The core emulsion thus obtained was added with LO mg of sodium lithiosulfate and 4.0+s of potassium chloroaurate per mole of silver.
g was added, and chemical ripening was performed at 60° C. for 60 minutes. This emulsion was further added with an aqueous silver nitrate solution, potassium bromide and sodium chloride (in a molar ratio of KBr:NaCQ = 1:1).
was added at the same time as an aqueous solution containing
A cubic silver bromide emulsion for the OP layer was obtained. Subsequently, a silver nitrate aqueous solution and a sodium chloride aqueous solution were simultaneously added to obtain a cubic core/shell type emulsion with an average grain size of 0.50 l.

To the above emulsion was added 2.5 mg of sodium periosulfate per mole of silver, and chemical ripening was carried out at 50° C. for 40 minutes. The obtained emulsion is referred to as emulsion P.

The above emulsion P was coated and dried according to Example 2, and the obtained sample was exposed and developed according to Example 2. Table 5 shows the results of measuring the maximum density and minimum moisture content of the obtained positive images.

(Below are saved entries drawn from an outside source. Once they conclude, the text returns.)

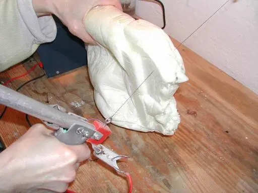 Le principe est très simple, on fait passer un courant assez fort dans un fil résistant très fin. Le fil sous l'action du courant, chauffe et se comporte comme un "fil à couper le beurre" pour le polystyrène, et le coupe de façon nette et sans bavures : résultat impossible à obtenir avec un cutter ou un couteau, surtout pour de grosses pièces (>5 cm d'épaisseur).
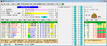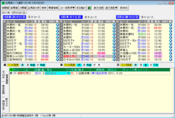 こうして登録したチェック馬は、レースに出走する際にすぐにわかるようになっている。画面4は、先の手順で登録したエリンコートが出走しているオークス当日の「出馬表レース選択」画面を表示した例。まず、オークス(優駿牝馬)が赤字で表示されており、これでチェック馬が出走していることがわかる(レース名の赤字はG1や牝馬限定ではなく、チェック馬の出走を意味する)。さらに、左下のタブで[チェック馬]を選択すれば、その日に出走しているチェック馬を一覧表示できる。予想する際にチェック馬を見落とす心配はまずないと言っていいだろう。
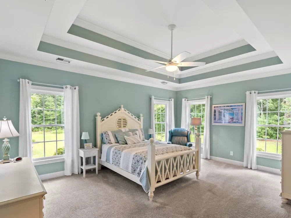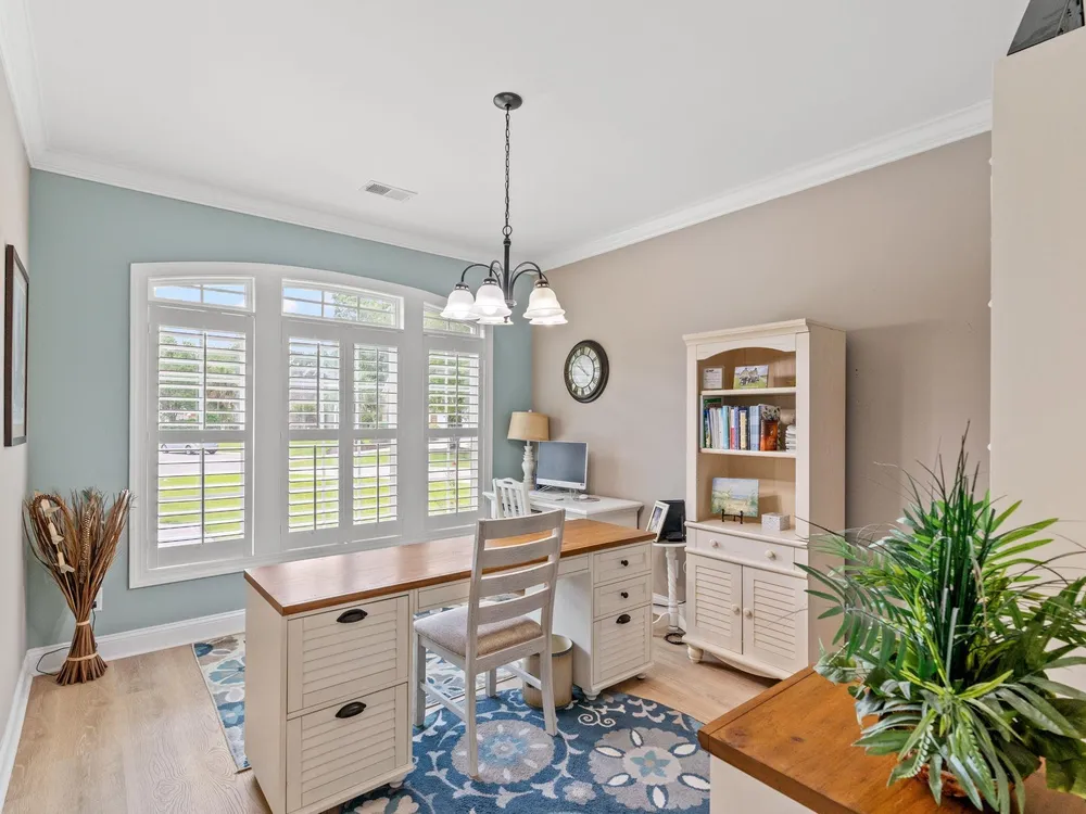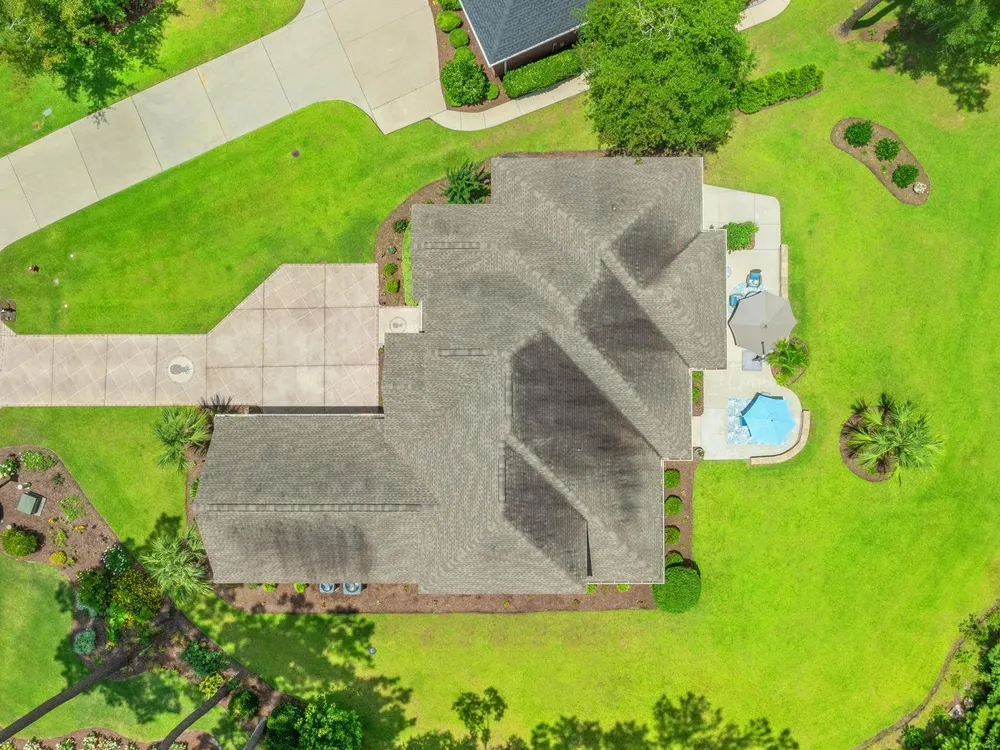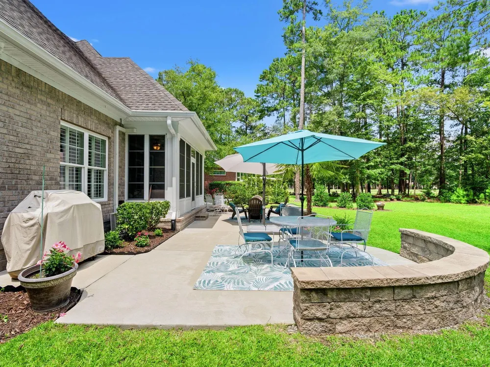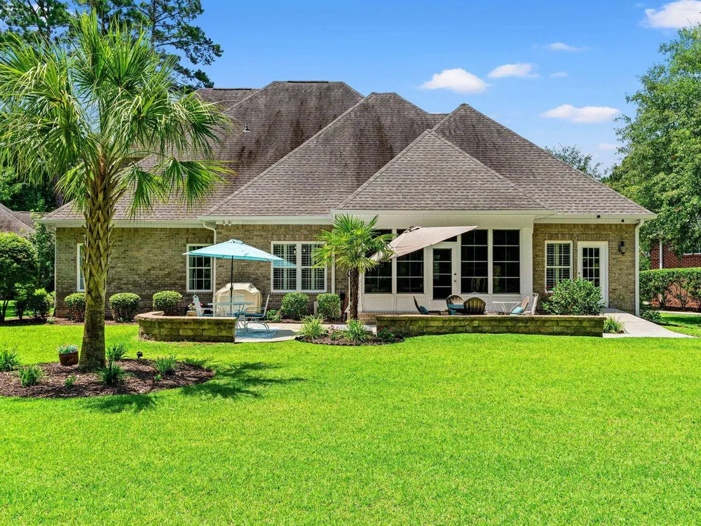 Location, location, location! Step into luxury in this stunning 5 bedroom, 3.5 bath home situated off the 9th hole of the prestigious Blackmoor Golf Course. Built in 2018 and offering over 4,000 sq. ft. under roof, this residence is designed with comfort, style, and function in mind. From the moment you arrive, the custom driveway, brick stucco, and mature landscaping set the tone for what awaits inside. The main floor Primary Suite features dual vanities, a soaking tub, walk-in shower, and an extra-large walk-in closet. The home also includes a private back bedroom with handicap accessibility and a zero-threshold shower for added convenience. At the heart of the home is a chef’s kitchen, complete with granite countertops, custom cabinetry, oversized center island, double ovens, and a gas cooktop—perfect for both everyday living and entertaining. The kitchen opens to a spacious living area with vaulted ceilings, a breakfast nook, and access to the Carolina Room with Easy Breeze windows and mini-split system, offering year-round enjoyment. Additional highlights include: formal dining room, private office, plantation shutters, crown molding, tankless water heater, oversized garage with ample storage, and large bedrooms. Outside, enjoy serene view of the 9th fairway and wooded backdrop, creating a private retreat while still being in the heart of a sought-after golf community. This home offers the perfect balance of luxury, functionality, and timeless design—a true Murrells Inlet gem! Schedule your showing today.
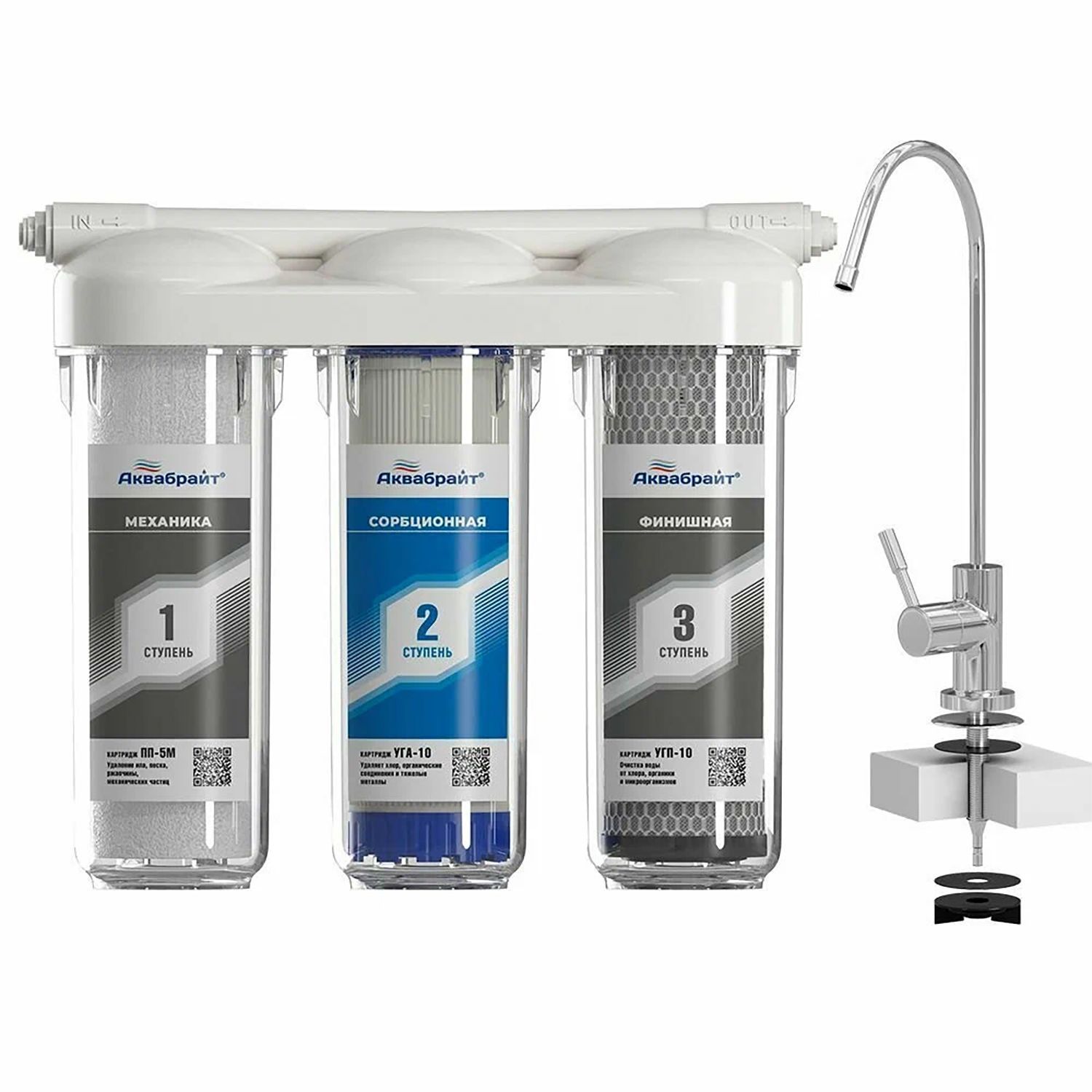 АБФ-ТРИА - СТАНДАРТ, ТРЕХСТУПЕНЧАТАЯ система очистки воды под КУХОННУЮ МОЙКУ с отдельным краном. ПРЕИМУЩЕСТВА системы: Позрачные корпуса фильтров. МОНОЛИТНЫЙ КОЛЛЕКТОР (Крышка). Типоразмер картриджей SLIMLINE 10
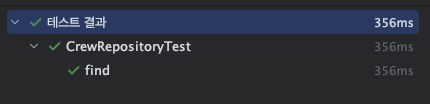 따라서 crew와 findCrew 객체는 당연히 다르기 때문에 테스트가 실패한다.
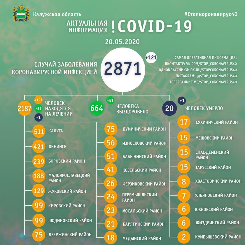 Актуальные на сегодняшнее утро данные опубликовал глава Калужской области Владислав Шапша. Он сообщил, что новая коронавирусная инфекция выявлена еще у 121 жителя области, общее число заразившихся составляет 2871. На лечении находятся 2187 человек. По-прежнему лидеры по числу инфицированных — областной центр и северная часть региона — Обнинск, Боровский, Малоярославецкий и Жуковский районы. За последние дни выросло число заболевших и в Кировском районе.
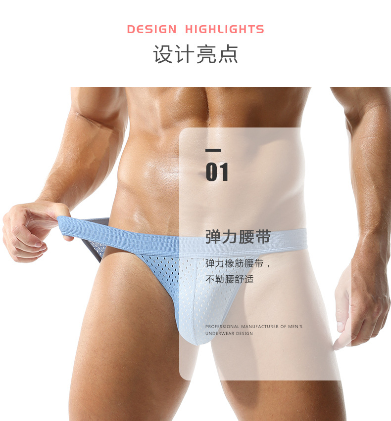 男士搂空出口内裤 渔网眼短裤简约青年如透气三角裤批发男
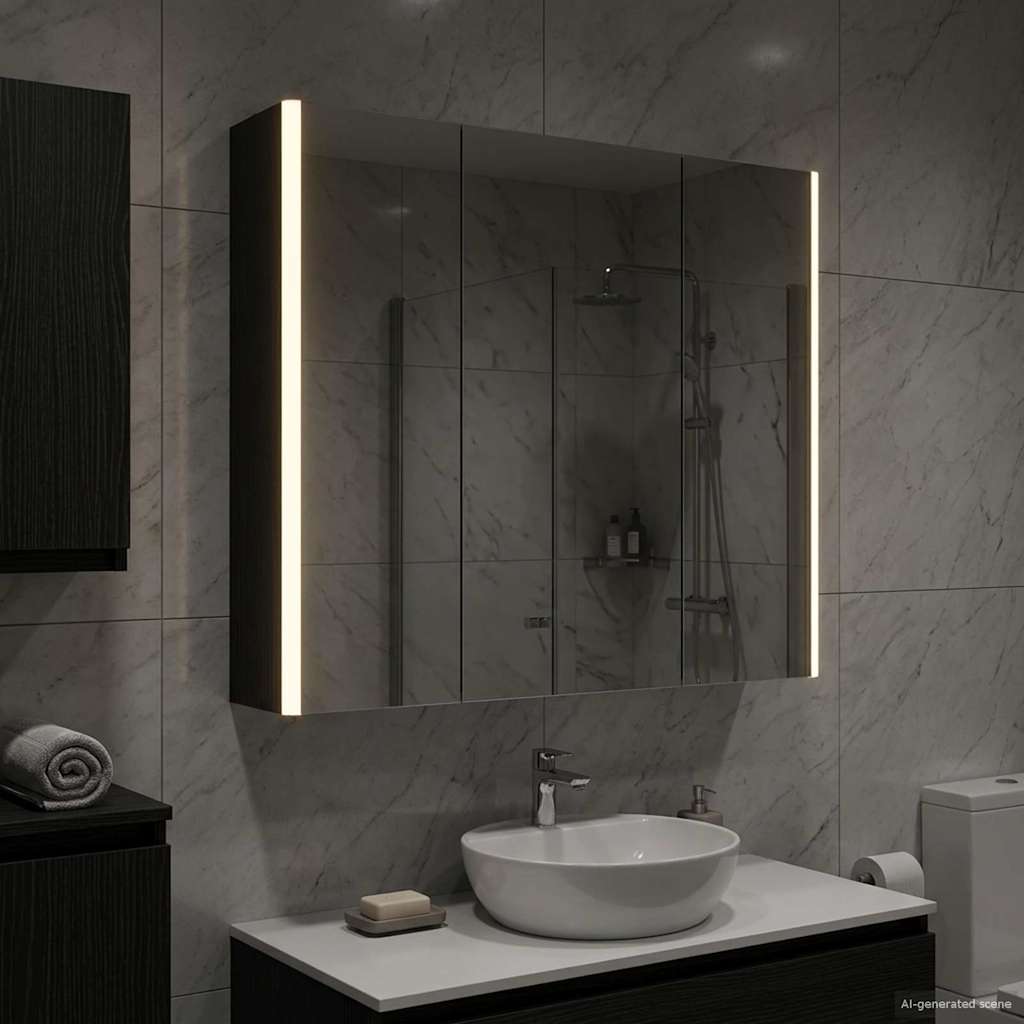 Tämä moderni kylpyhuoneen peilikaappi yhdistää tyylikkään muotoilun ja käytännölliset ominaisuudet, tehden siitä oleellisen lisän nykyaikaiseen kylpyhuoneeseen. Minimalistinen rakenne ja puhtaat linjat tarjoavat hienostuneen ilmeen, mutta kaappi on myös täynnä säilytystilaa päivittäisille tarvikkeille. Valaistus parantaa näkyvyyttä ja tunnelmaa, yhdistäen käytännöllisyyden ja muotoilun.
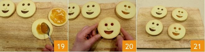 Podéis rellenar los otros dos discos restantes con mermelada 19 y cerrarlos con las caritas 20. ¡Servid las caritas de masa quebrada con chocolate y mermelada a vuestros niños para una alegre merienda 21!
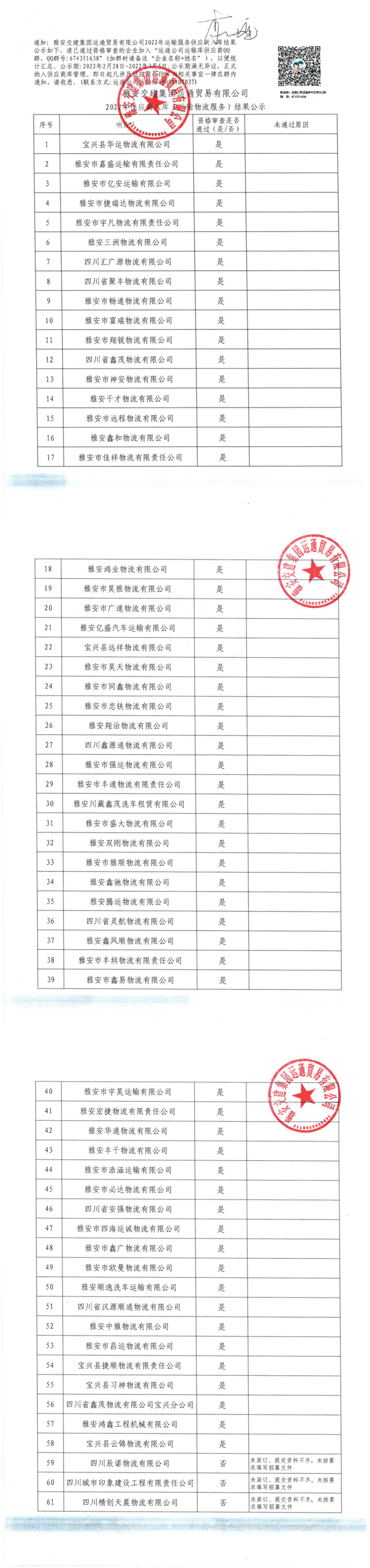 雅安交建集團運通貿(mào)易有限公司2022年供應商入庫(運輸物流服務)結(jié)果公示
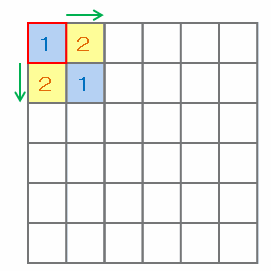 また、さっき「1」をあてはめたマスの右と下には「2」を、そしてななめ下には「1」をあてはめます。
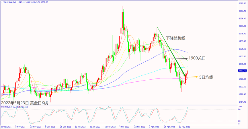 日级别线图,连续上涨突破下降趋势线,守住5日均线,可能挑战1900美元。
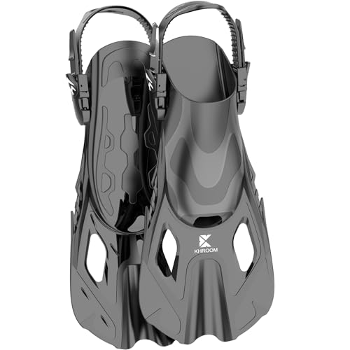 Khroom korta fenor vuxna/barn storlek 32–47 | justerbara snorkelfenor kort | simfenor för snorkling | dykfenor justerbara för simning/dykning (Svart 37-41)
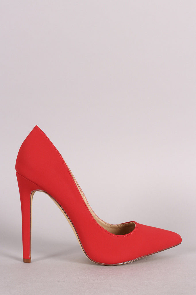 This pointy toe silhouette, scoop vamp, and wrapped stiletto heel. Finished with lightly padded insole and easy slide style.
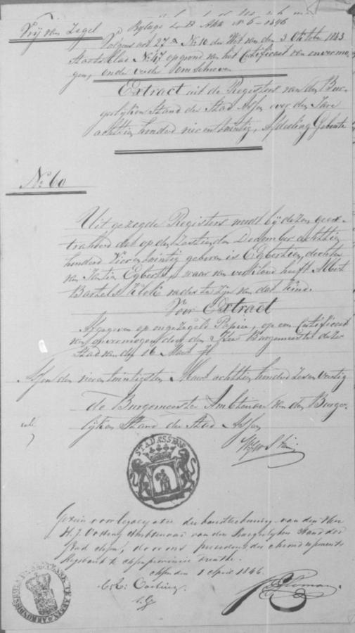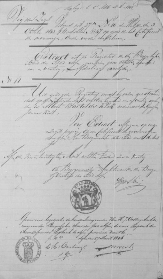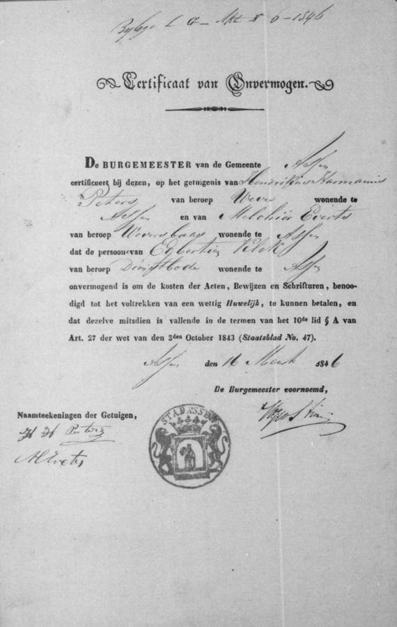 | bruid: | Egbertien Klok Dienstmaagd te Assen[Dr] op 5 april 1846 | 5 april 1846 | |
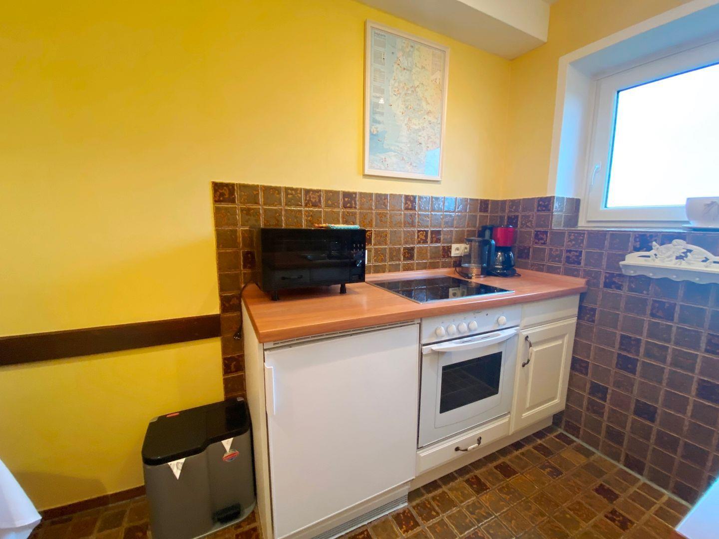 In der separaten Küche befindet sich eine gemütliche Sitzecke. Die Küche ist ausgestattet mit Herd, Backofen, Spülmaschine und Mikrowelle und allen wichtigen Utensilien für die Selbstverpflegung.

Table 5 As is clear from Table 5, it can be seen that emulsion P of the present invention also provides good positive images.

Claims (1)

[Claims] It has at least one silver halide emulsion layer containing internal latent image type silver halide grains whose grain surfaces are not fogged in advance, and after image exposure, after fogging treatment, and/or
Alternatively, in a photographic light-sensitive material in which a positive image can be obtained directly by surface development while being subjected to a fogging process, the internal latent image type silver halide grains are chemically sensitized or doped with metal ions as a core. and a multilayer shell consisting of at least two layers covering the core, and the outermost layer located at the outermost side of the multilayer shell contains more silver chloride than the layer adjacent to the outermost layer. A direct positive silver halide photographic light-sensitive material characterized by comprising silver halide grains.